Tags: 3PL, Manufacturing, Logistics, Third-Party Logistics, Supply Chain

Bob Daymon is Vice President of Transportation Management, Penske Logistics, 866-999-9514

Over the past 18 months, we have seen a significant shift toward shippers utilizing brokers as their primary carriers. Many shippers abandoned the strategy of focusing on asset-based carriers, and now load their routing guides with brokers as the choice of record.

We also see brokers being able to meet the detailed requirements of many shippers and fill the same strategic partner concept an asset-based provider typically holds.

From our point of view as a transportation management provider, Penske has been involved in many shipper bids of late and asked the question: Why the big swing in strategy?

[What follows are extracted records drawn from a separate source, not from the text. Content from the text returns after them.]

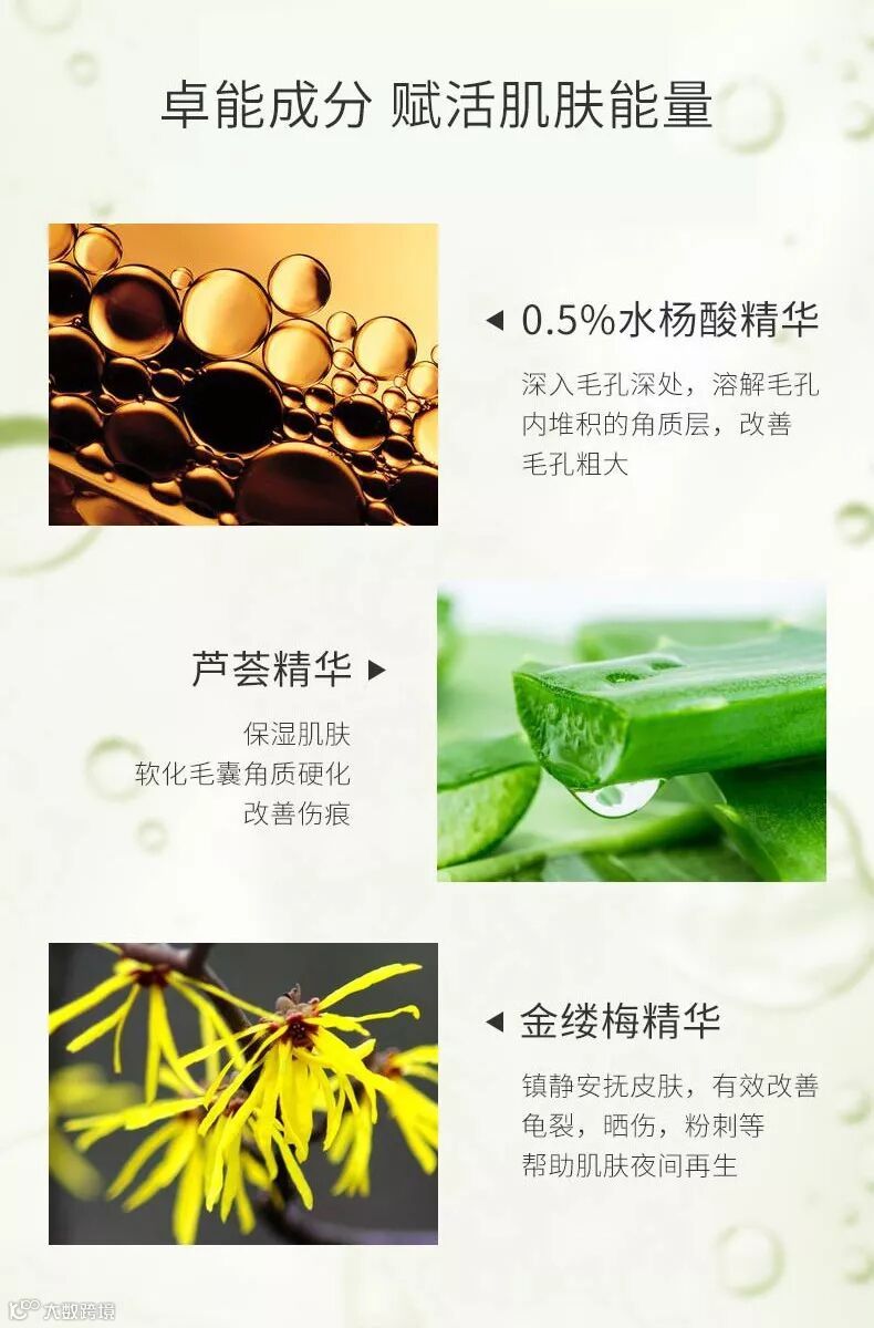 经过几十年的市场检验,配方精良、科学配比水杨酸、芦荟等精华成分,贴合肌肤需求,针对不同肤质调整配方,真正做到了精准化护理肌肤。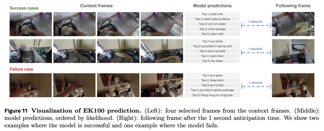 它能够从第一人称视频,预测出未来1秒将执行的动作。与语言模型结合后,它还在视频问答基准测试,如Perception Test和TempCompass中,创下了最新记录。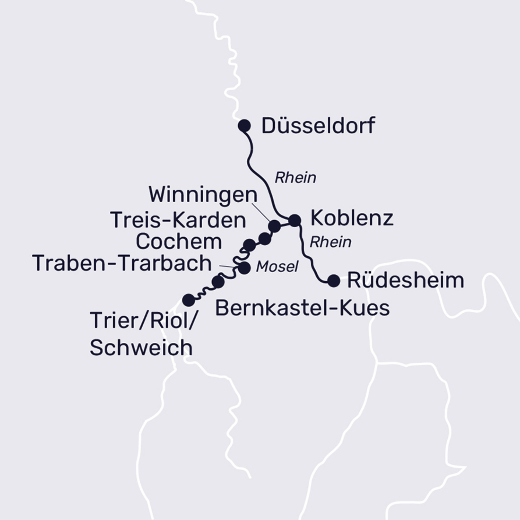 - With Cochem, Trier, and Rüdesheim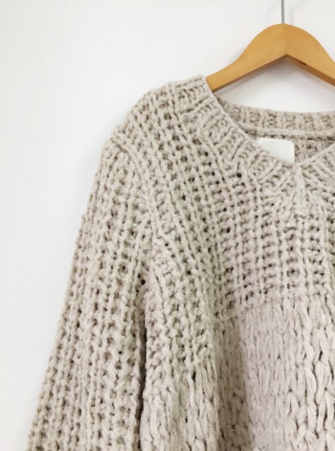 袖、裾部分で編み方が異なるデザイン性のあるニット。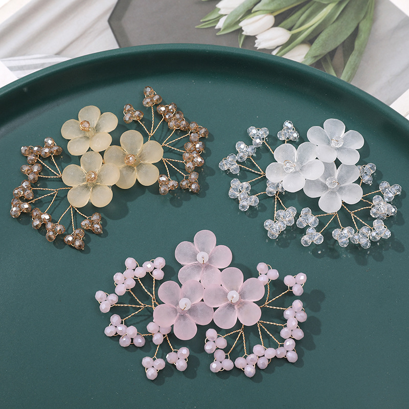 新中国風艶消し水晶花クラスタdiy手織りビーズヘアピン髪飾り材料卸売り
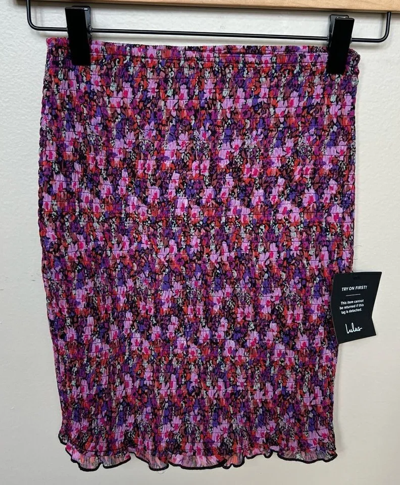 Lulu’s NWT Pink and Purple Floral Smocked Skirt Size XS Could be worn as a mini skirt or as a tu... Show more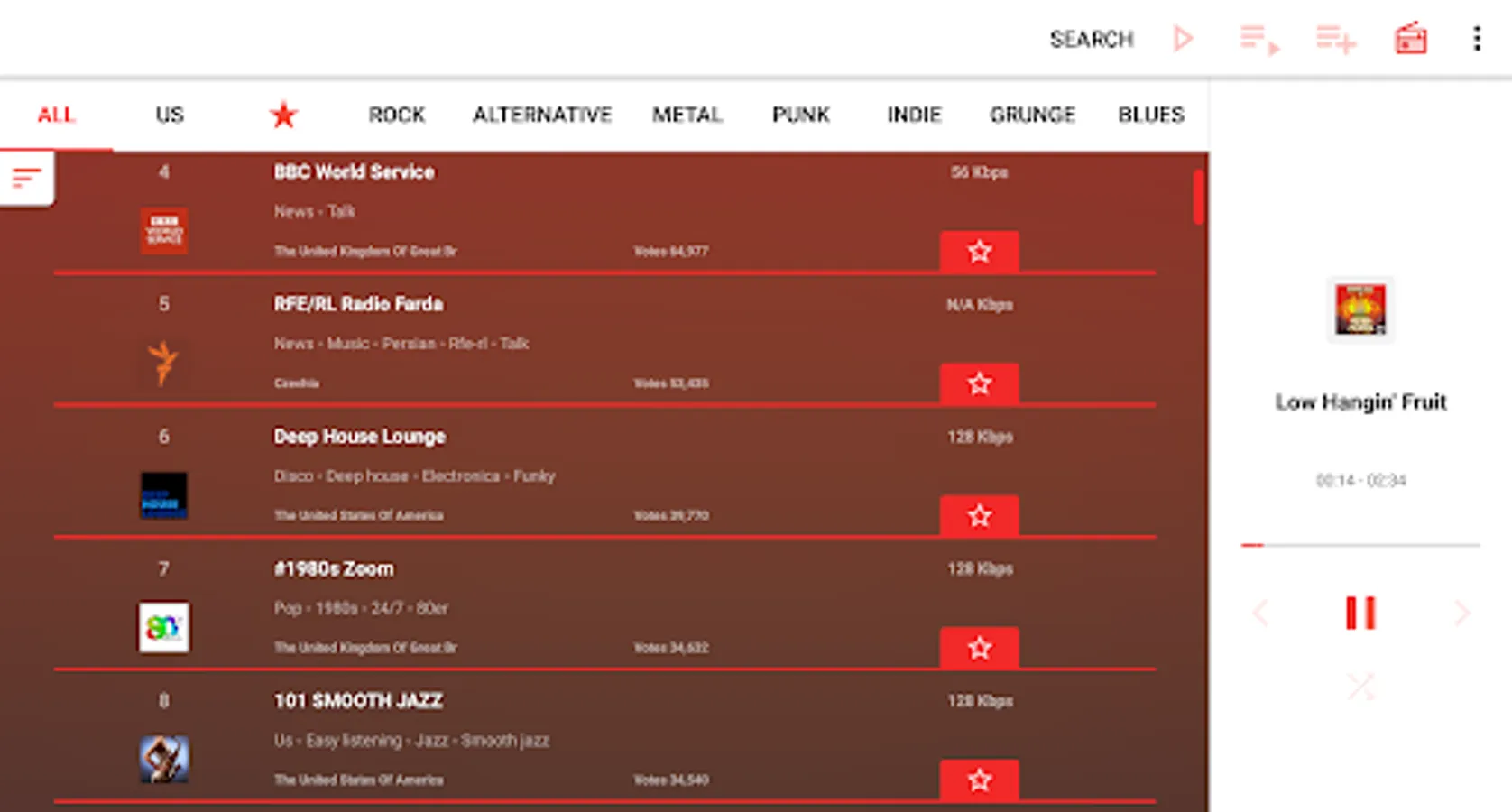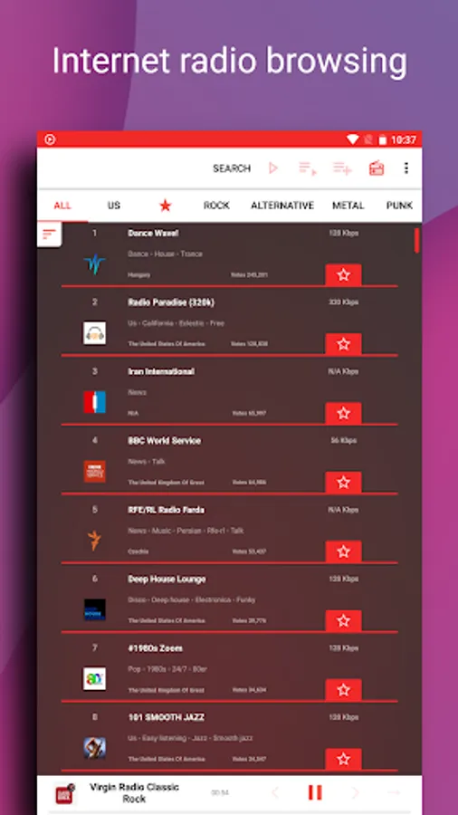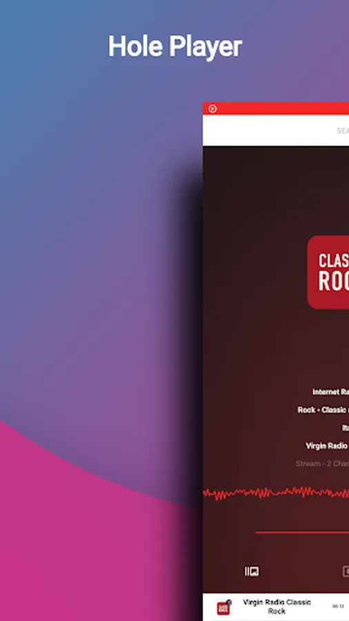 Hole Player - Music & Radio features an internet radio player which gives you the ability to stream some of the most popular radio stations (worldwide).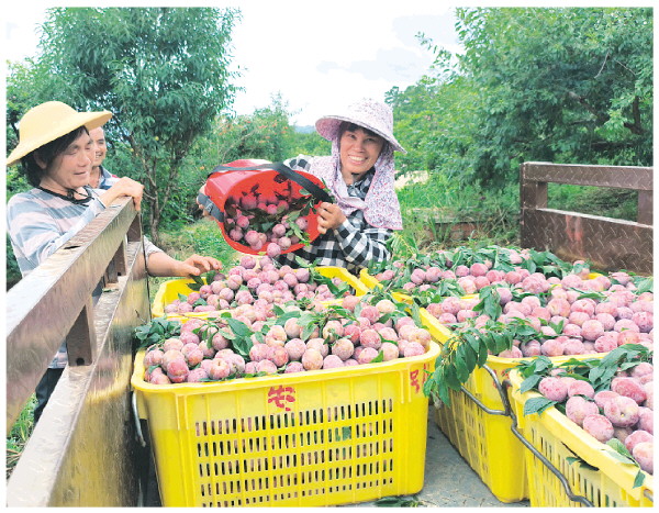 農戶現場采收三華李。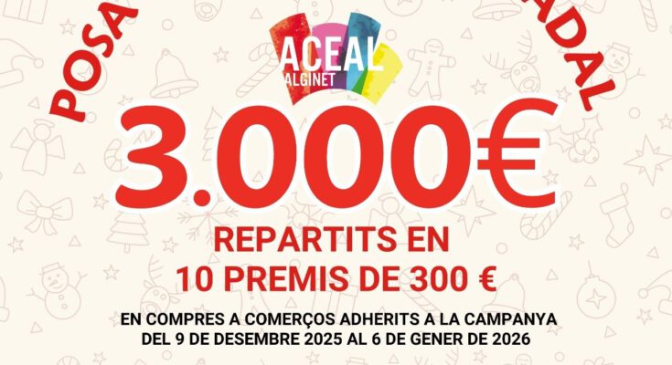 Amb aquesta campanya, ACEAL reafirma el seu compromís amb el teixit comercial d’Alginet i anima la ciutadania a fer les seues compres de Nadal al comerç local, contribuint així a dinamitzar l’economia del municipi i donar suport als establiments de proximitat.

Here's what we are finding:

  • Capacity is a key driver to shifting contracted lane business to brokers. Many brokers are able to leverage their carrier base and relationships to meet the ongoing demands of shippers. In addition, the equipment demands many shippers placed on carriers were typically difficult for brokers to meet; they now can be met.
  • Visibility and reliability that is on par with any asset-based provider. One of the biggest reasons shippers shied away from brokers was a lack of visibility. In many cases, the service issue was one of perception more than anything. With today's tracking technology, there is no longer a void in visibility.
  • The concept of dedicated capacity was traditionally held by an asset provider. We have seen many brokers now fulfill the same service using their provider base. This has allowed shippers to take advantage of the favorable pricing that many brokers provide.
  • There is no lack of a capacity constraint or forecasted constraint in the near future. There is plenty of capacity in the market. Looking forward into 2017, many economists predict favorable capacity, with little concern for tightening demand. This has allowed shippers to expand their use of brokers.
  • Hybrid solutions seem to be common. In this scenario, the shipper consolidates the asset carrier base to a small pool of managed carriers. This allows them to build a strategic relationship with the asset-based carrier, helping the service provider match lanes where they are strong or need freight, providing the carrier lanes that are consistent and predictable.

Many shippers then single source the tail activity; overflow shipments; and those that are ad-hoc or do not meet the standard shipment profile to brokers. This allows the brokers to perform where they are strong. From our perspective, this is a good strategy to deploy through your annual procurement cycle.

Looking Ahead

The trend to utilize brokers will continue through 2017. The true test of the concept will occur when we see capacity tighten and rates begin to escalate.

A few thoughts to ponder moving forward:

  • Will brokers still be able to meet the needs of shippers?
  • Will the partner carrier networks that brokers rely on begin to take their assets elsewhere to improve margins?
  • How will asset carriers react to long-term customers who have focused on brokers in a soft market?

Unfortunately, many of these questions cannot be addressed with quantitative data and we will have to wait for market conditions to change before we know the answer.

Becoming a Preferred Shipper

Shippers with a hybrid strategy will be able to best navigate tightening capacity. We all want to be the preferred shipper. A partnership with the asset carrier—and broker—will be your key to ensuring that a carrier and broker treat you as the preferred shipper.